TASK TO COMPLETE
Taking the entries below, transcribe only the lines starting with the one with "VPC ๋ง๋ฒ์ฌ๋ฅผ ํด๋ฆญํ๋ค." and going on through the one with "Valve structure of", exactly as written, without the pictures.

AVAILABLE DATA
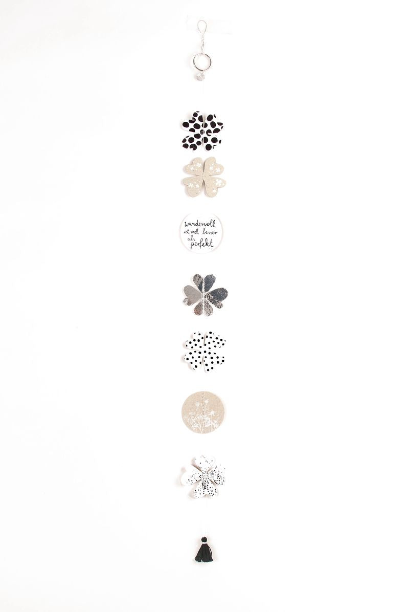 Diese zauberhafte Glückskleekette von Good Old Friends vereint charmantes Design mit einer positiven Botschaft. Verspielte Kleeblätter in unterschiedlichen Mustern und edlen Metallic-Effekten reihen sich aneinander und machen die Kette zu einem besonderen Blickfang – ob im Fenster, am Ast oder als kleine Aufmerksamkeit zum Verschenken.
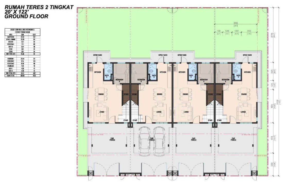 Laman Cherakah distinguishes itself through its exclusivity only 21 units in total—paired with functional 4-bedroom layouts across both single- and double-storey options. Its price points beginning from RM409,580 for 1-storey homes and RM487,380 for 2-storey units place the project attractively within the Shah Alam–Setia Alam peripheral market, where demand remains steady among young families seeking landed, affordable options.
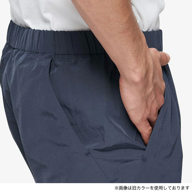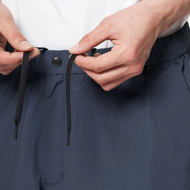 リサイクルナイロン100%素材で、独特のシャリ感がある風合いも魅力です。ウエストは、ゴム+ドローコードのイージー仕様。
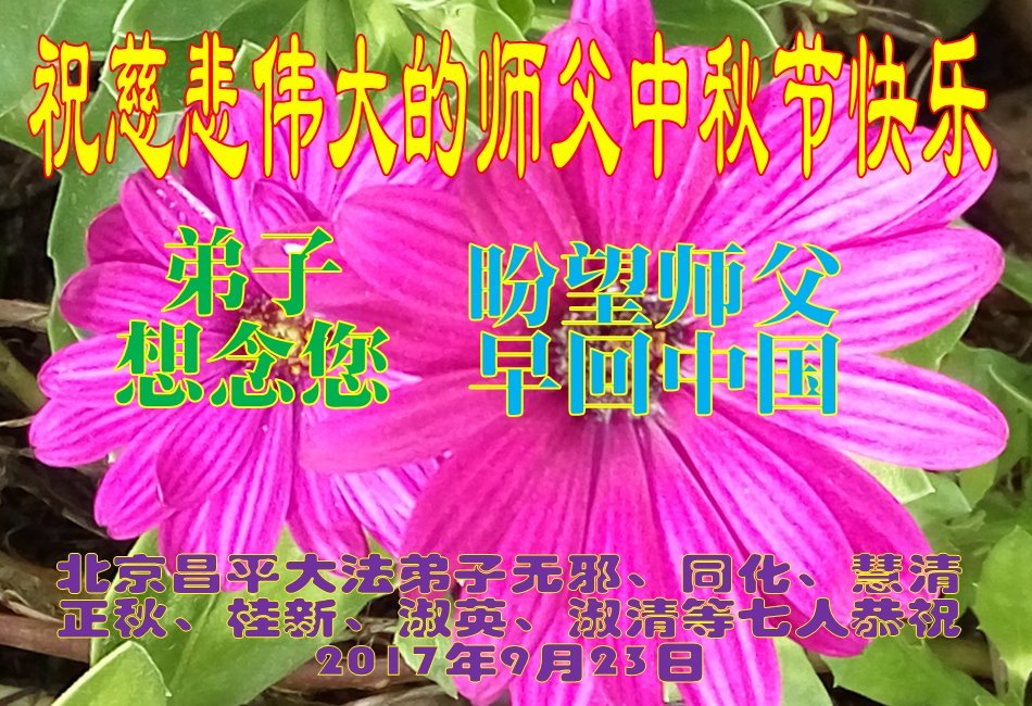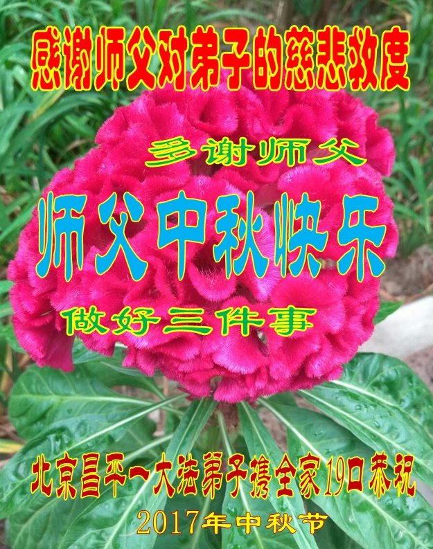 北京昌平城区一大法弟子携全家19口恭祝师父中秋节快乐! 师父好!恭祝师父中秋节快乐!感谢师父对弟子的慈悲救度!多谢师父!弟子一定在正法的最后阶段,踏踏实实的修好自己,做好三件事。 北京昌平城区一大法弟子携全家19口恭祝 2017年中秋节 北京昌平七位大法弟子祝慈悲伟大的师父中秋节快乐!
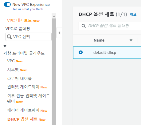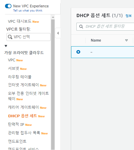 ๋์๋ณด๋์์ VPC ๋ง๋ฒ์ฌ๋ฅผ ํด๋ฆญํ๋ค.
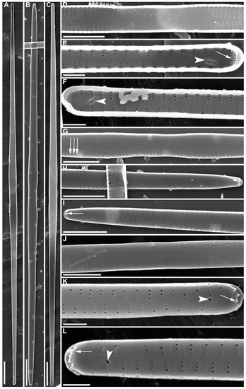 Valve structure of strains Fra group, strains MM101 (A,D–F,C,J–L) and MM113 (B,G–I). SEM. Three complete valves: (A) inside view; (B) valve with margin spines, outside view; (C) valve without margin spines, outside view; (D) central area detail of (A); (E,F) apex detail of (A) (arrow—ocellulimbus; arrowhead—rimoportula); (G) central area detail of (B) (arrows—marginal spines); (H,I) apex detail of (B) (arrows—apical spines); (J) central area detail of (C); (K,L) apex detail of (C) (arrows—apical spines; arrowheads—holes of rimoportula). Scale bar: (A–C)—10 μm; (D,G–J)—5 μm; (E,F,K,L)—1 μm.
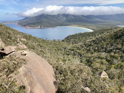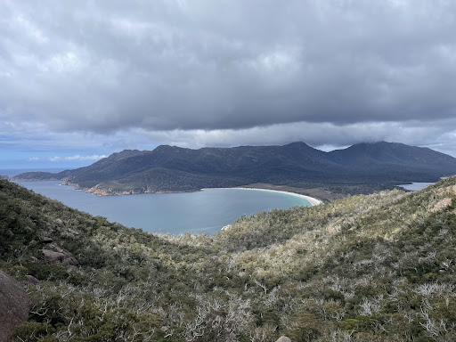 This is not the easiest walk – it’s a 45 minute slog up a steep hill, with little shade. But the track is good, and safe, and we saw many young kids make this along with their grandparents, while more than few couples had small children on their shoulders. There are no toilets, or water, once you start the walk, so, make sure you’re prepared for up to 2 hours in the sun, though most should be able to complete the mostly one way round circuit in about 90 minutes. Keep a close eye on the weather. You do not want to be doing this walk in a thunderstorm, or on a very hot day. But, if you want classic pictures of the sweeping white sand beach and green/blue sea, you need a sunny, clear day. Weather changes fast here, and can be very different on the ocean side, so, if it looks like it’s sunny and clear, rearrange your plans and get going if you want the classic pictures. But beware – the tourist shots you see are not taken from the lookout but from Mt Amos, which is a much harder walk, without a defined track in parts, and beyond the abilities of many. The view from the lookout is good, but not as good as Mt Amos. Finally, don’t make the mistake we did and effectively do this twice. The lookout is just a 5 minute diversion from the track to Wineglass Bay and the Hazards. If you’re already doing this walk, then there’s no need to make a separate hike to the lookout. The lookout track branches off the main track, after you’ve already done the hard slog up! However, if you then fancy a quick walk down to the bay itself beware, this is a steep 1,000 step hike. There’s plenty of parking at the base, and multiple spillover areas nearby if this fills up. And there are toilets and fresh drinking water at the start...
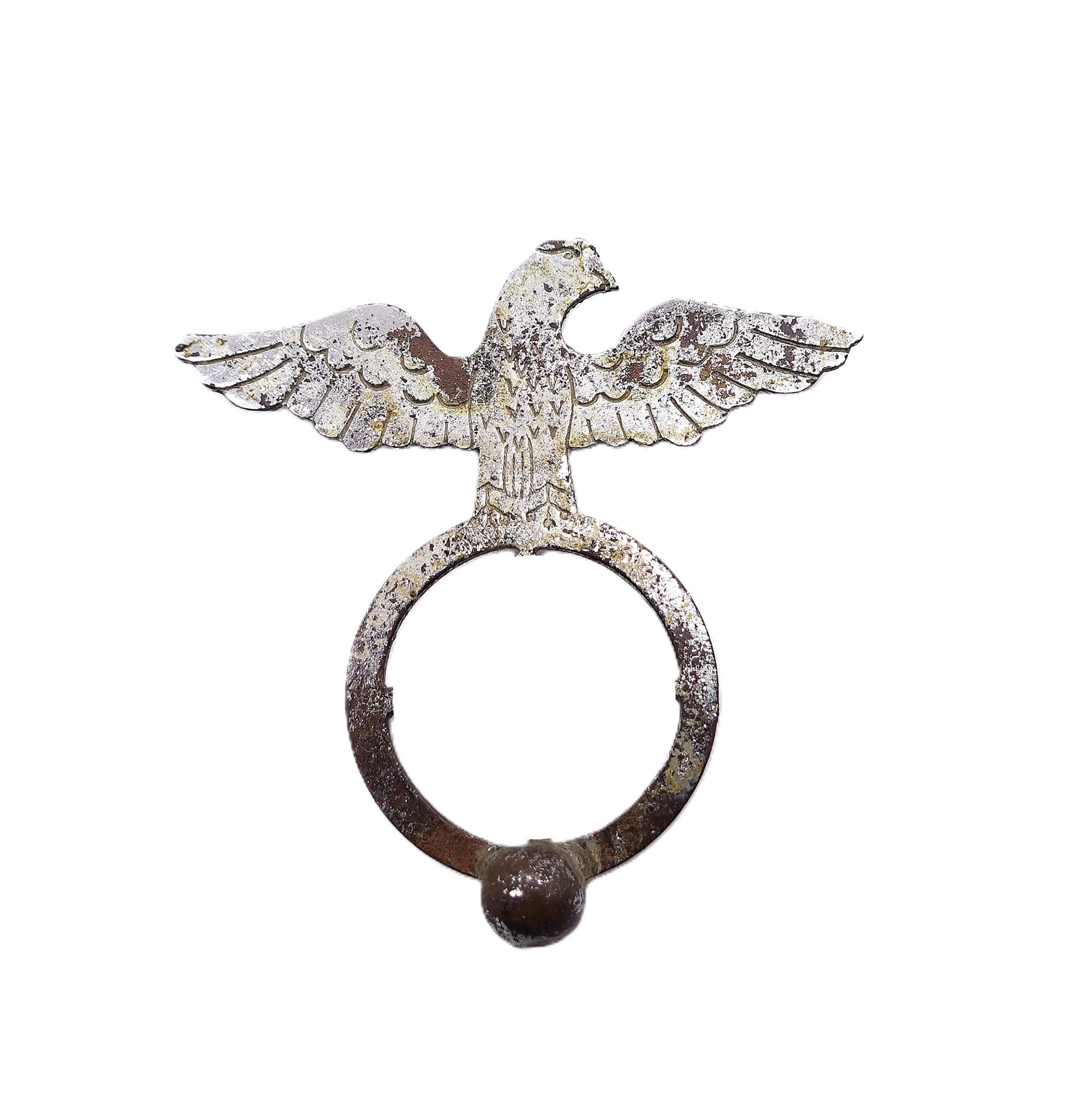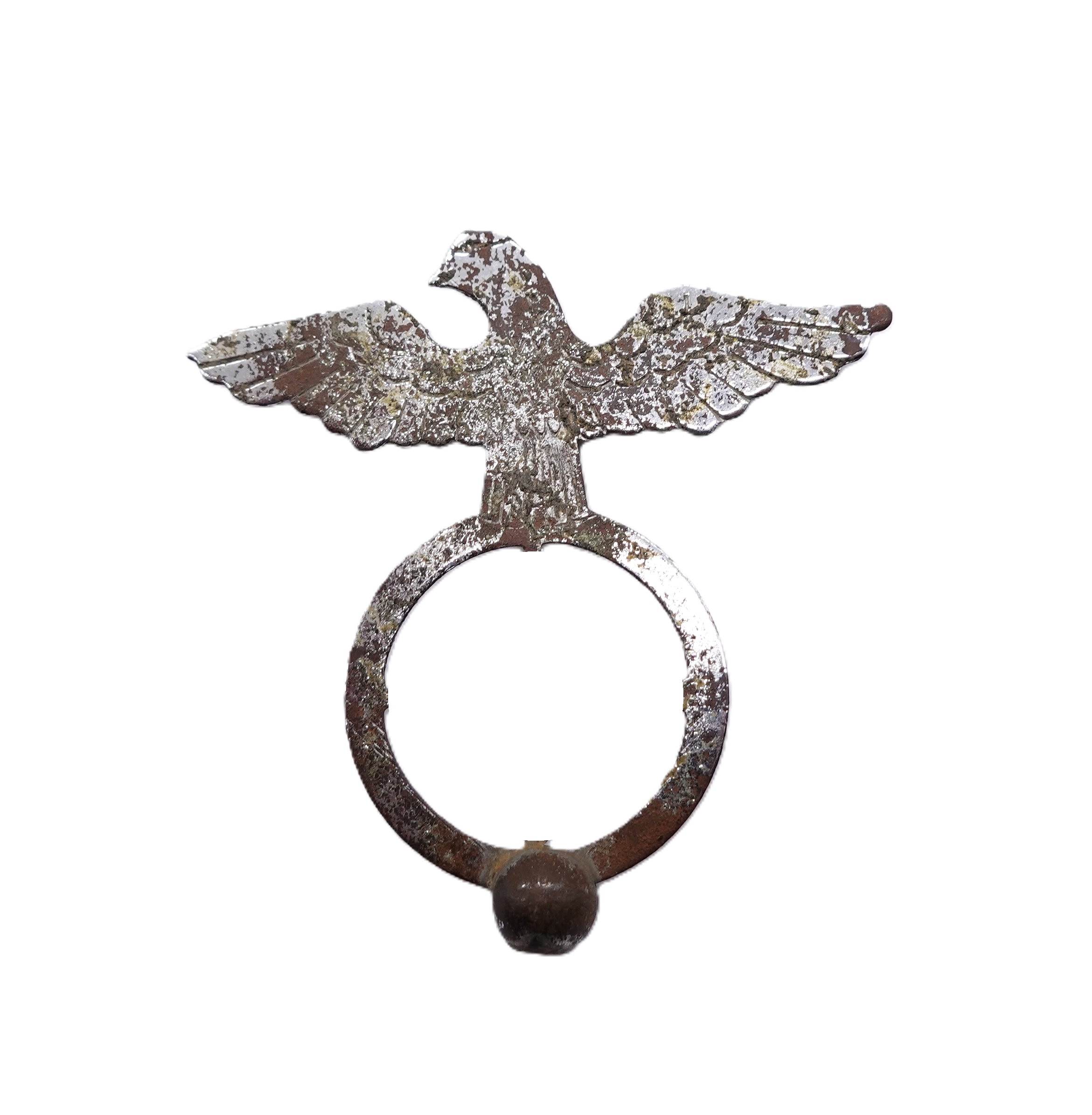 Kleiner Adler auf Kreis mit durchbrochenen HK. Wahrscheinlich mal für einen Wimpel oder Standarte angefertigt. Höhe 71 mm, Spannweite 67 mm. Schöner Bodenfund.

ANSWER SECTION
 ๋์๋ณด๋์์ VPC ๋ง๋ฒ์ฌ๋ฅผ ํด๋ฆญํ๋ค.
 Valve structure of strains Fra group, strains MM101 (A,D–F,C,J–L) and MM113 (B,G–I). SEM. Three complete valves: (A) inside view; (B) valve with margin spines, outside view; (C) valve without margin spines, outside view; (D) central area detail of (A); (E,F) apex detail of (A) (arrow—ocellulimbus; arrowhead—rimoportula); (G) central area detail of (B) (arrows—marginal spines); (H,I) apex detail of (B) (arrows—apical spines); (J) central area detail of (C); (K,L) apex detail of (C) (arrows—apical spines; arrowheads—holes of rimoportula). Scale bar: (A–C)—10 μm; (D,G–J)—5 μm; (E,F,K,L)—1 μm.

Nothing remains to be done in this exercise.